Havia uma mureta relativamente alta nos arredores daquela cobertura, de modo que o homem pôde posicionar sua arma com razoável conforto, na altura adequada. E ainda tinha a proteção visual.

– Há uma roda... – descrevia, a mulher, o que via pelo binóculo. – O alvo está no centro, dançando, com umas roupas esquisitas... Ela está próxima ao corpo do rapaz... Ele está estendido em uma mesa de pedra... Os membros da roda mexem os lábios... estão cantando algo...

– Encontrei – interrompeu o homem, quando finalmente ajustou sua mira.

A mulher lançou-o um olhar de desprezo, pela interrupção. Em seguida, começou a caminhar em direção à saída que havia checado. Fez um sinal para o motorista do carro, lá embaixo, que ligou o motor.

Ouviu-se um tiro.

– Está feito – anunciou o homem, erguendo o olhar.

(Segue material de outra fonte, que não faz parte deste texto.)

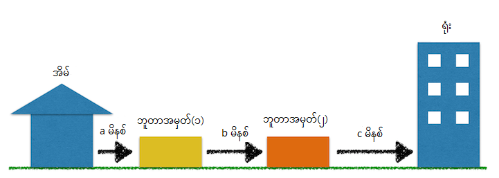 အလုပ်မှ ရုံးသို့သွားရန် နောက်အကျဆုံးအိမ်မှမည့်သည့်အချိန်ထွက်ရမည်ကို ဆုံးဖြတ်သောProgramကိုရေးပါ။ ၁) အိမ်မှ ဘူတာအမှတ်(၁) သို့သွားရန် a မိနစ်ကြာသည်။ ၂) ဘူတာအမှတ်(၁)မှဘူတာအမှတ်(၂)သို့သွားရန် b မိနစ်ကြာသည်။ ၃)ဘူတာအမှတ်(၂)မှ ရုံးသို့သွားရန် c မိနစ်ကြာသည်။ သင်သည်ရုံးသို့ 8:59 မတိုင်ခင် ရောက်ဖို့လိုအပ်သည်။ ဥပမာ Input တန်ဖိုးသည် 30 30 10 3 6 0 7 0 8 0 ဖြစ်ခဲ့လျှင် ဘူတာအမှတ်(၁)မှ ရထားသည် 6:00, 7:00, 8:00 တွင် ရထားလာမည်ဖြစ်သည်။ 7:30 တွင် အိမ်မှထွက်ပြီး 8:00ရထားကိုစီးလျှင် ရုံးသို့ 8:40 ရောက်မည်။ ထိုကြောင့် output(အိမ်မှထွက်ရမည့်အချိန် )သည် 7:30 ဖြစ်သည်။ ပထမ Input 30 30 10 ဆိုသည်မှာအိမ်မှ ဘူတာအမှတ်(၁) သို့သွားရန်ကြာချိန်၊ ဘူတာအမှတ်(၁)မှဘူတာအမှတ်(၂)သို့သွားရန်ကြာချိန်၊ ဘူတာအမှတ်(၂)မှ ရုံးသို့ သွားရန်ကြာချိန်ဖြစ်သည်။ ဒုတိယ Input 3 သည် ရထားလာမည် အကြိမ်အရေအတွက်ဖြစ်သည်။ ဥပမာ Input တန်ဖိုးသည် 10 10 10 6 8 5 8 15 8 25 8 35 8 45 8 55 ဖြစ်ခဲ့လျှင် Outputမှာ 08:25 ဖြစ်သည်။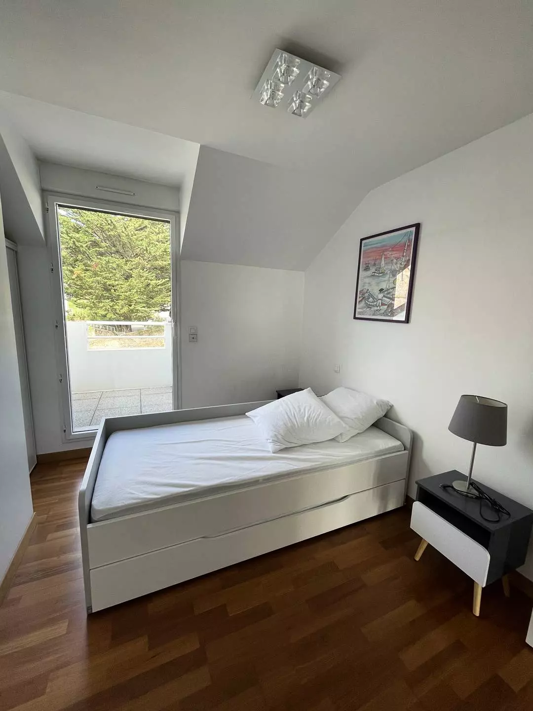 -A bedroom with balcony including 1 single bed and 1 trundle bed (90*195cm), a wardrobe;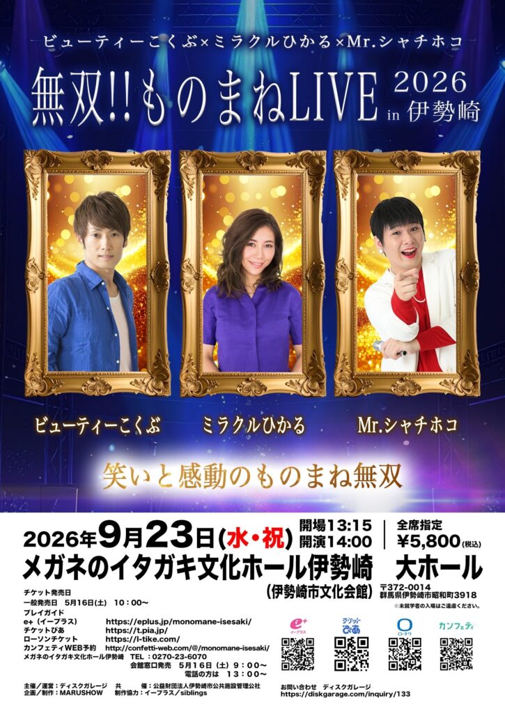 【公演決定】ビューティーこくぶ×ミラクルひかる×Mr.シャチホコ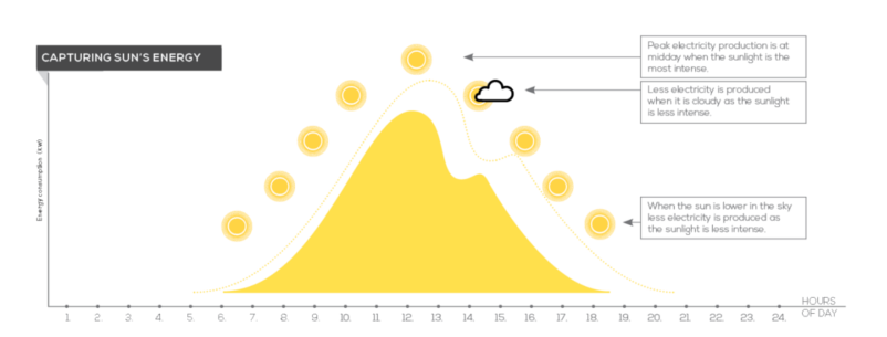 The more intense the sunlight that shines on your solar PV panels the more electricity that is produced, so when the sun is low in the sky less electricity is produced. Likewise on cloudy days and overcast days, less electricity is produced than on a bright sunny day. In the winter less electrical energy is produced than during the summer as the sun shines for less hours. the dotted line represents the increased electricity production on a summers day.

Mas não encontrou a mulher. Ela adiantara-se na descida, pensou. Rapidamente, desmontou sua arma e colocou-a em sua mochila. Lançou-a às suas costas e seguiu para a saída. Naquele momento, ouviu o som do carro partindo. Ao chegar na borda do edifício, ainda pôde ver o cínico aceno da mulher, seguido de um beijo. O Chofer concentrava-se na direção. Em segundos, o carro já não era mais visível. O homem, com nítida feição de raiva, fez menção de descer a escada, mas conteve-se ao ouvir alguns barulhos. Lá embaixo, pequenos garotos armados surgiam de todas as direções, carregando fuzis maiores que eles próprios. Correu silenciosamente para a outra borda do edifício. De lá, a situação era ainda pior. Um dos meninos, inclusive, subia pela mesma escada que o casal usara, minutos atrás. Ao homem, restou tentar se esconder e rezar para que não fosse visto. Antes de se encolher ao máximo em um canto escuro, ainda ousou sussurrar:

– Merda!

4 comentários:

Nasser Pena disse...

Muito bom seu texto. Prende a atenção, uma narração minuciosa e um enredo super envolvente.
P.S. Adoro a descrição espacial que você faz.

Lucas disse...

Que ótimo Vinícius!

Uma mistura boa de Hitchcock com Allan Poe. Foi fácil visualizar todas as cenas pela narração dedicada, porém não tão reveladora. Fico com certas dúvidas, mas elas vão deixar o texto sempre vivo.

Repito, ótimo!

Abraço.

Bismarck Bório disse...

Achei incrivel, com boa presença, e bem finalistica =]
Sempre to passando por aqui! Abraço

Tainá Rei disse...

O título me fez ler o conto de maneira totalmente diferente. Muito bom.